The other big climber is entirely predicable. We will spend ten minutes more per day watching television, which equated to an average of three hours every day. That's a 6.2% increase instead of the 4.3% decrease that was previously forecast.
Given the current rounds of furloughing taking place at newspaper companies across the country, due to print sales crashing as Britons stay at home, it's hard to see how this leaves magazines and newspapers in anything other than a very perilous position.
When things begin to get back to whatever normal is going to look like after the pandemic, one has to fear for print.
Will people who have shifted their consumption to online news gathering go back to buying a physical paper?

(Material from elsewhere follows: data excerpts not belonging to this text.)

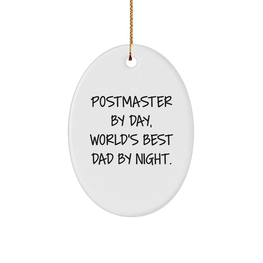 Funny Postmaster Gifts - 'Postmaster By Day, World's Best Dad By Night.' Oval Ornament for Christmas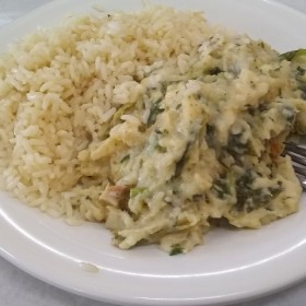 Foi servido: macarrão, almondegas, Risoto de bacalhau e salada.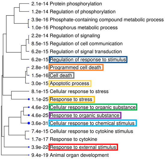 Enriched biological processes after treatment of hTCEpi cells with AC EFs for 24 h. Significantly enriched biological processes following analysis of the gene array data are highlighted as an interactive hierarchical clustering tree using ShinyGO. Biological processes with many shared genes are clustered together. Bigger dots indicate more significant p-values. Enriched biological processes that were similar after analysis of both gene and proteins array data are marked and highlighted. Analysis was performed using ShinyGO (v.0.61) (Available online: http://bioinformatics.sdstate.edu/go/ (accessed on 6 January 2021)).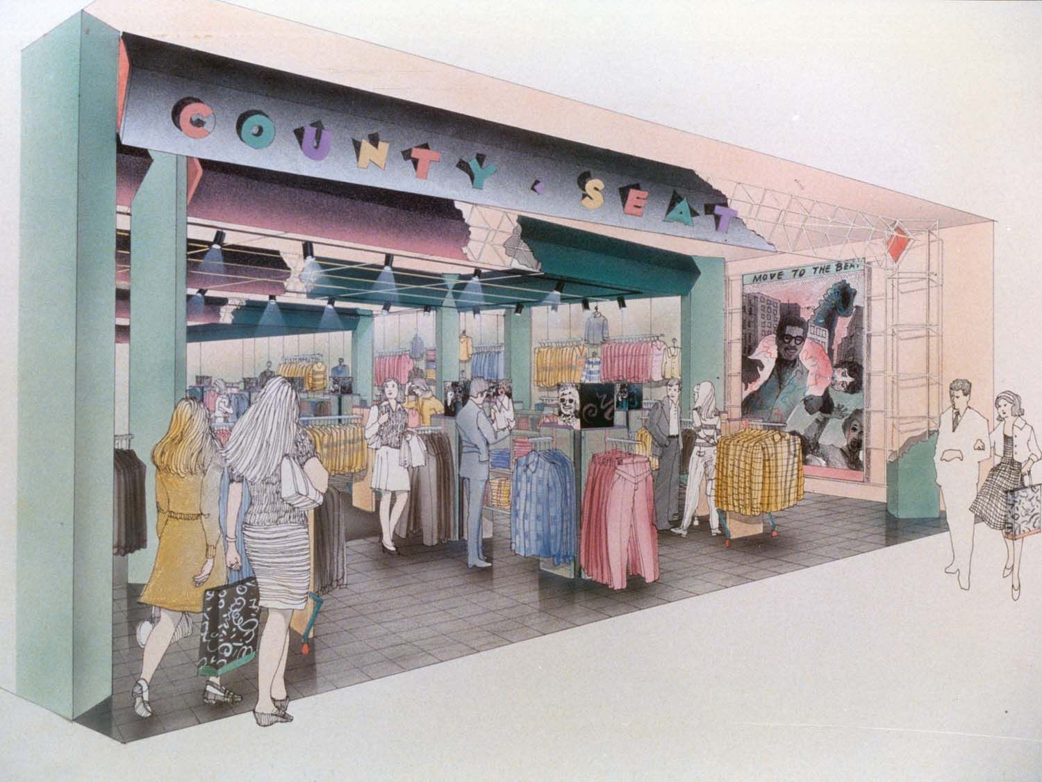 1987 County Seat Showroom; Walker Group CNI; Image © Suns Hung; Watercolor w/ airbrush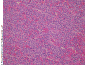 Un lymphome ganglionnaire de haut grade de morphologie similaire au lymphome préalablement diagnostiqué dans la rate est mis en évidence à l’examen histologique.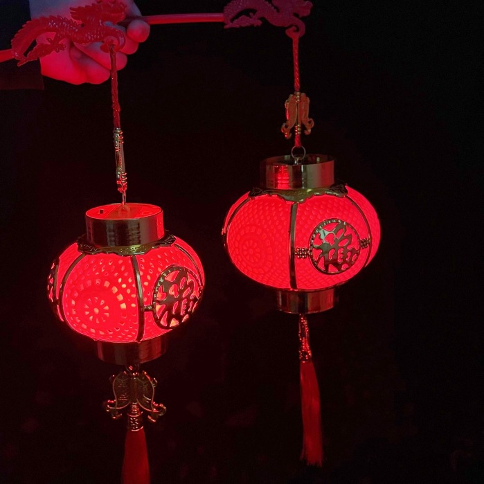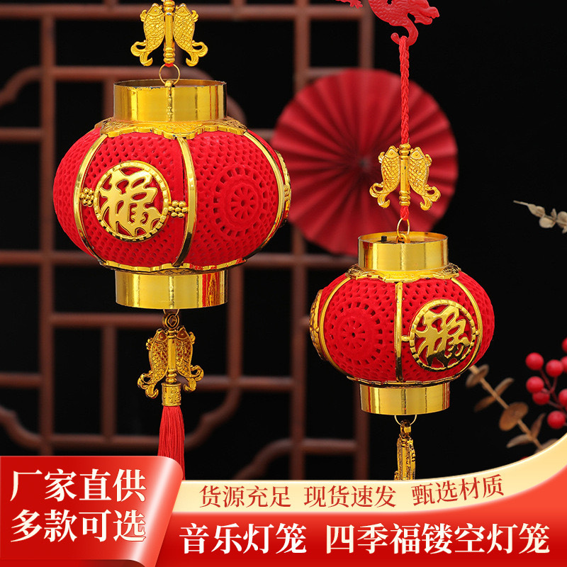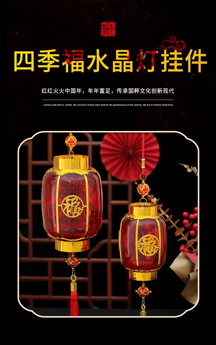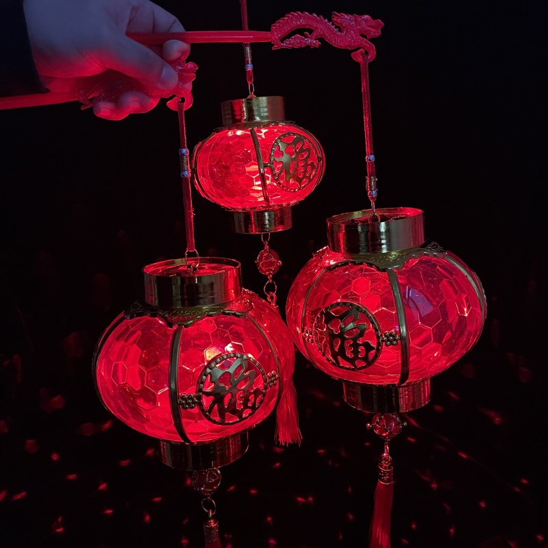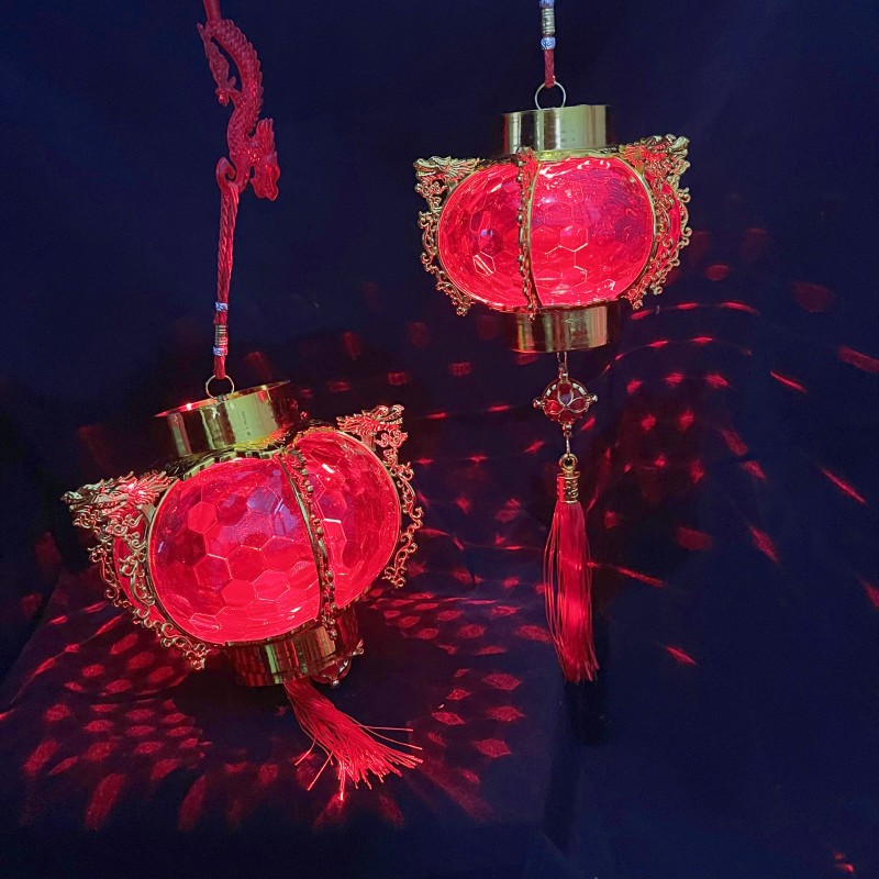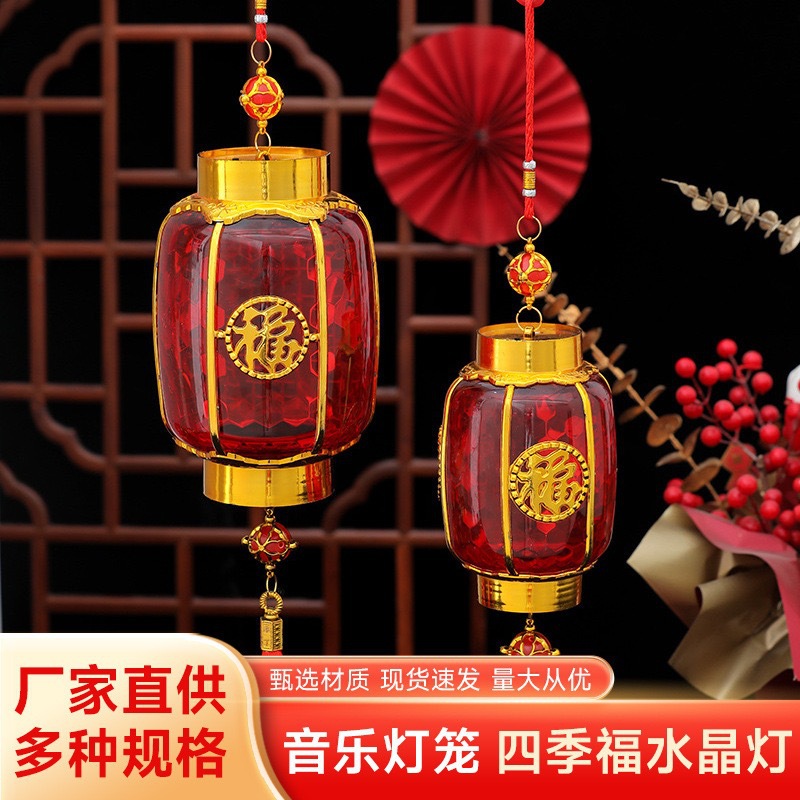 新年儿童手提灯笼投影水晶灯笼发光福字大红宫灯春节过年装饰批发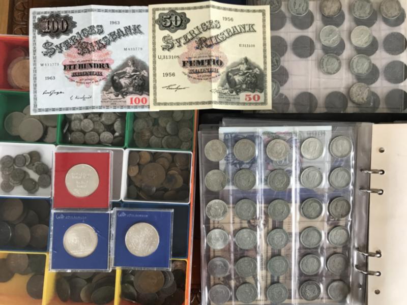 Sweden, Interesting box with e.g. 100's of silver coins old-modern incl. some jubilée, some bank notes incl. few other countries. High silver value. (>1000). (Image1)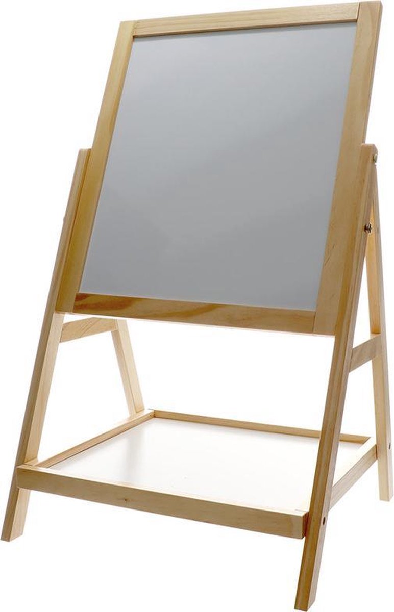 Kwalitatief en handig schoolbord 1 zijde magnetisch whiteboard 1 zijde krijtbord Beleef uenlang plezier met dit handige schoolbord. Eenvoudig omklapbaar en gezekerd met 2 schroefjes. Op het legplankje kan je al je spulletjes kwijt. Afmetingen: whiteboard en krijtbord: (30x35)cm totale almetingen: (70x40)cm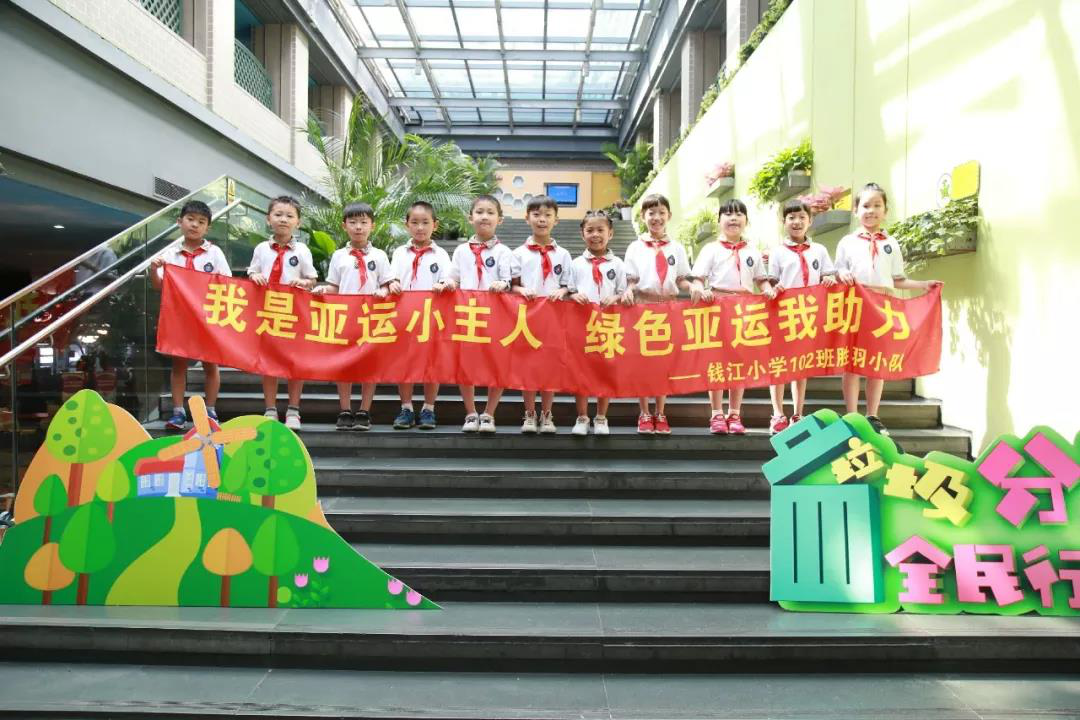 在此,我们胜羽小队的全体队员呼吁:为绿色环境助力,为绿色亚运助力,从自我做起,从身边做起,将生活垃圾进行有效分类和正确投放,做一名“绿色亚运”的践行者与传播者!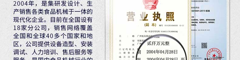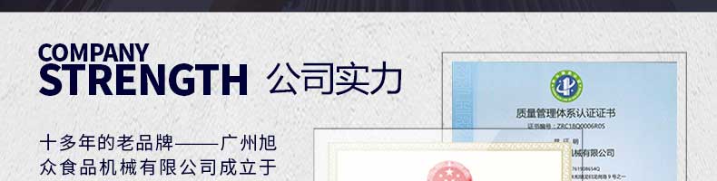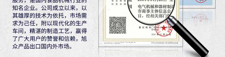 廣州旭眾食品機械有限公司是一家集科研開發(fā),生產(chǎn)設計,營銷服務為一體的現(xiàn)代化生產(chǎn)企業(yè)?,F(xiàn)代化生產(chǎn)車間,精湛制造技術,所產(chǎn)機械歷經(jīng)市場重重考驗,不斷贏得海內外客戶的贊譽。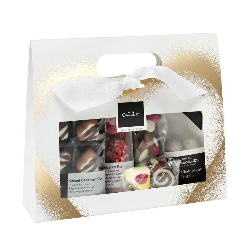 Spoil your Valentine with a traditional box of Classics — smooth pralines, gooey caramels, solid chocolates, and tipsy truffles all with our trademark nuanced cocoa tones. Our Champagne Truffles are also suitably celebratory with a delightful boozy edge, presented in a charming tin. You could browse our Sleeksters, H-Boxes and heart shaped boxes, each one a treasure trove of signature recipes. Whichever Hotel Chocolat Valentine’s gift you select, add the final flourish with one of our gift cards complete with your own message - the perfect personalised touch.
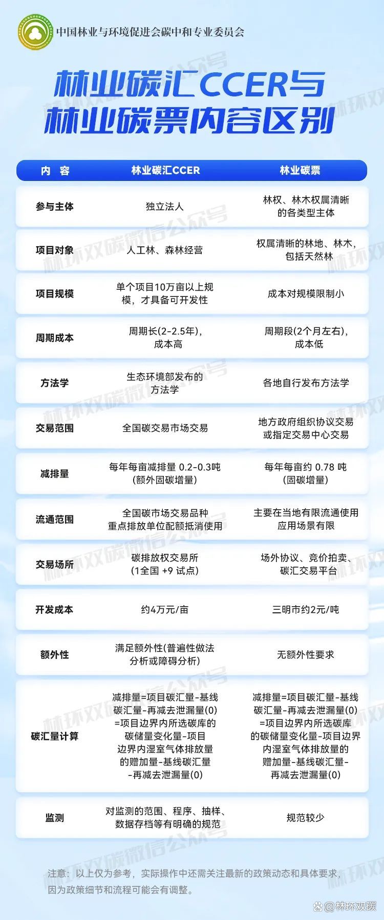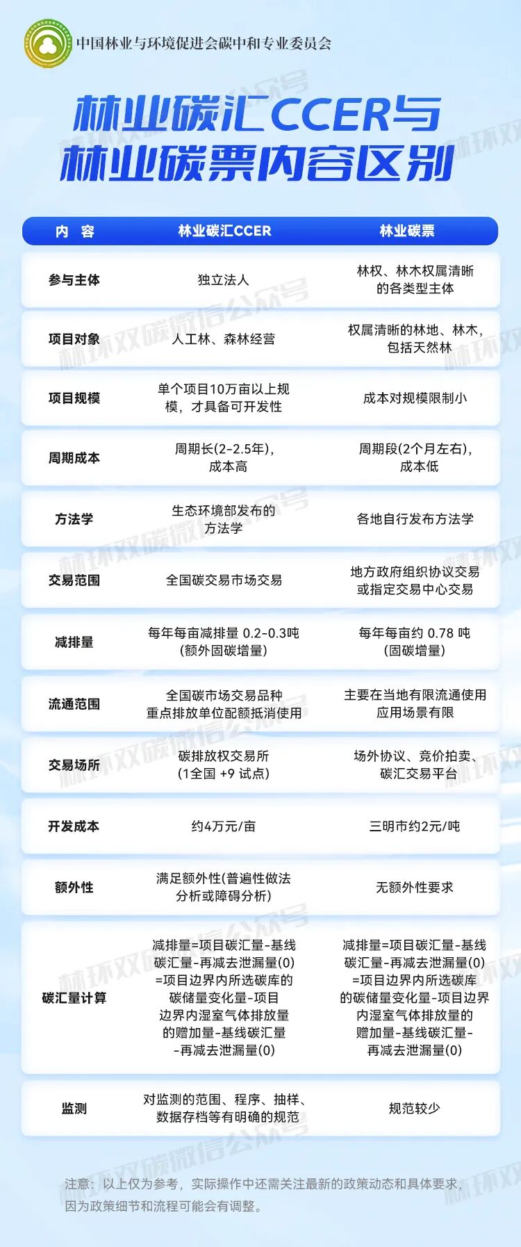 地方性林业碳票方法学强调灵活性和地方特色,适应不同森林资源条件,包括多种林地类型和调整碳汇计量方法。而林业碳汇CCER方法学则遵循严格的国家标准,规定了造林活动的基线、额外性、泄漏风险评估和监测等技术要求。两者在方法学和申请流程上体现了地方实践与国家标准的差异,反映了碳市场多元化发展和项目管理的专业性。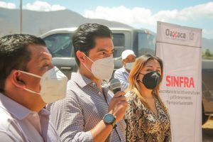 Zimatlán de Álvarez, Oax. 10 de marzo de 2021.– El Gobierno que encabeza Alejandro Murat Hinojosa, trabaja en las 8 regiones para construir obras importantes que benefician a miles de familias oaxaqueñas, entre ellas, 100 pavimentaciones que se encuentran en proceso, obras de agua potable, drenaje, electrificación, y la rehabilitación de 12 mercados, informó el secretario de las Infraestructuras y el Ordenamiento Territorial Sustentable (Sinfra), Javier Lazcano Vargas.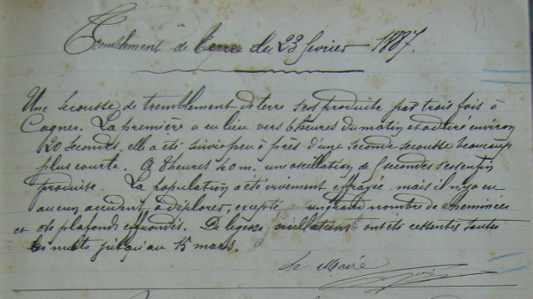 En 712 ans, ce n’est qu’à partir de 1854 que l’on commence à relever des renseignements sur les effets des tremblements de terre à Cagnes-sur-Mer.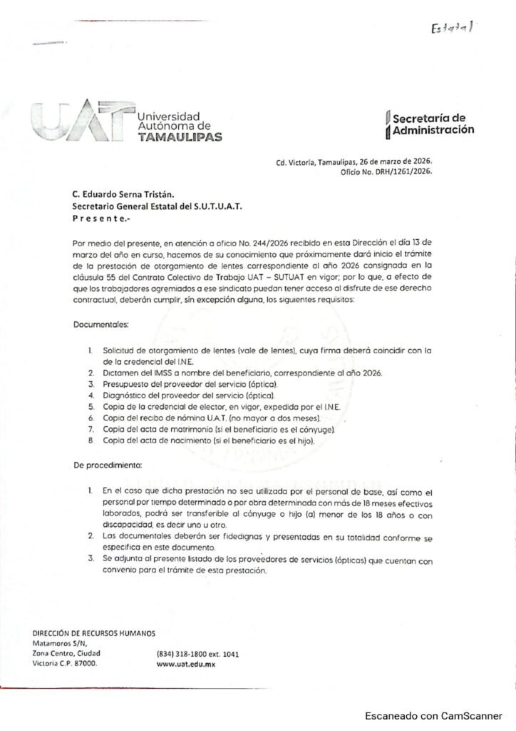 Referente a la prestación de lentes correspondiente al año 2026, se informa que el periodo para hacer uso de este beneficio iniciará a partir del 20 de abril.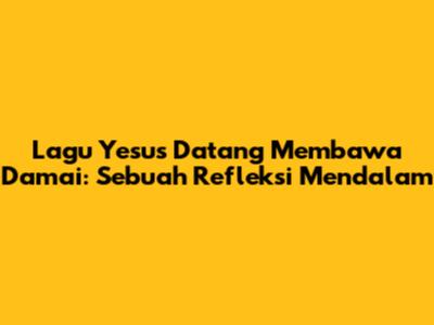 Lagu Yesus Datang Membawa Damai adalah sebuah ungkapan iman yang kaya akan makna. Guys, lagu ini bukan sekadar rangkaian nada dan lirik, melainkan sebuah pernyataan iman yang mendalam tentang kedatangan Yesus Kristus. Kedatangan-Nya membawa damai, sukacita, dan harapan bagi seluruh umat manusia. Lagu ini seringkali dinyanyikan dalam berbagai acara keagamaan, baik di gereja maupun dalam persekutuan doa. Mari kita bedah lebih dalam mengenai makna, pengaruh, dan harapan yang terkandung dalam lagu ini, oke?
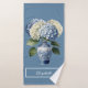 belo buquê de flores de hydrangea dispostas em um vaso em fundo azul. As hortênsias estão em tons de azul claro e branco cremoso, com pétalas delicadas que criam um cheio, em forma arredondada. O vaso é um clássico design, branco e azul, inspirado provavelmente pelos tradicionais estilos de porcelana ou cerâmica, com padrões intrincados e motivos florais que complementam as flores. Toda a cena tem uma qualidade macia, semelhante à aquarela, dando-lhe uma aparência gentil e elegante. As folhas verdes da hydrangea acrescentam um toque natural, melhorando a composição geral. DESIGN DE © Você pode personalizar com seu nome e todos os textos. Você pode alterar a cor do texto e o estilo da fonte usando a opção personalizá-lo. NOTA: as cores exibidas on-line podem variar ligeiramente do produto real.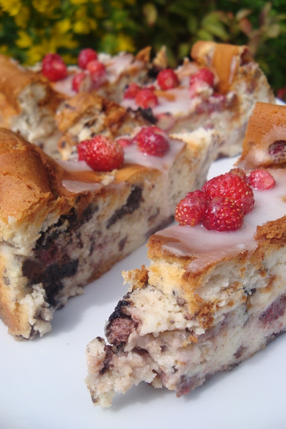No tak, sezon jagodowo poziomkowy w pełni, a właściwie to już prawie po poziomkach. Jeszcze zdążyłam upiec ten smaczny sernik właśnie z poziomkami. Do sernika dodałam także parę ciastek oreo, herbatniki i gorzką czekoladę.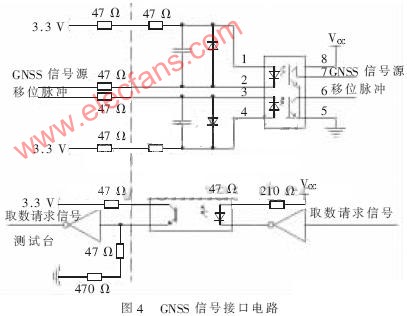 测量综合控制器测试台中,GNSS信号源模拟GNSS接收机。信号源的准确性有利于测量综合控制器性能的测量。测量综合控制器GNSS模块在每帧的开始利用帧同步脉冲向GNSS接收机发出取数请求信号,GNSS接收机接到请求后,在8 ms内向遥测设备传送完1 000 bit(125 B,先传高位)的测量参数后,遥测设备必须在下一个取数信号到来之前将数据传输完。其接口电路如图4所示。
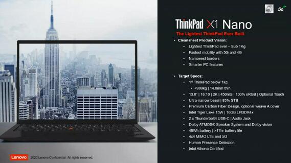 联想正准备发布其最轻巧的ThinkPad笔记本电脑。ThinkPad X1 Nano的重量不到1千克,虽然这并不是13英寸设备的最高记录,但它仍然是一个非常不错的数字。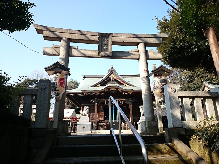 JR赤羽駅から徒歩10分程度、北区赤羽台4丁目の星美学園小学校近くに鎮座している神社です。延暦年間(782年~806年)に創建されたと伝えられているそうです。境内から縄文式土器や弥生式土器が発見され八幡神社遺跡と呼ばれています。現在の社殿は昭和6年(1931年)に再建されたものです。急で長い坂道を上った所にあり、現代ではさほど感じませんが、かつては見晴らしの良い場所だったのでしょう。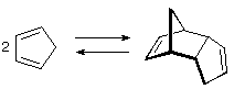 A similar Diels-Alder system that is more easily studied is the dimerization of 1,3-cyclopentadiene shown below. The ΔHº for this reaction is almost 10 kcal/mole lower than that of the butadiene + ethene addition, reflecting strain in the tricyclic product. The ΔSº, on the other hand, is roughly 10 eu less negative as a result of the fixed cisoid orientation of the diene.

Sure, many will -- but will it be enough to reverse circulations drops that were already starting to look scary before COVID-19 broke out.
It's a great unknown, but there is certainly enough caution out there for eMarketer to quadruple the drop it has previously predicted for print's average daily consumption.
Digital media -- particularly digital video -- is growing at a faster rate than previously predicted, and print is declining at a faster rate than previous forecasts.
There's no sugar-coating it -- the future of print is looking far from rosy.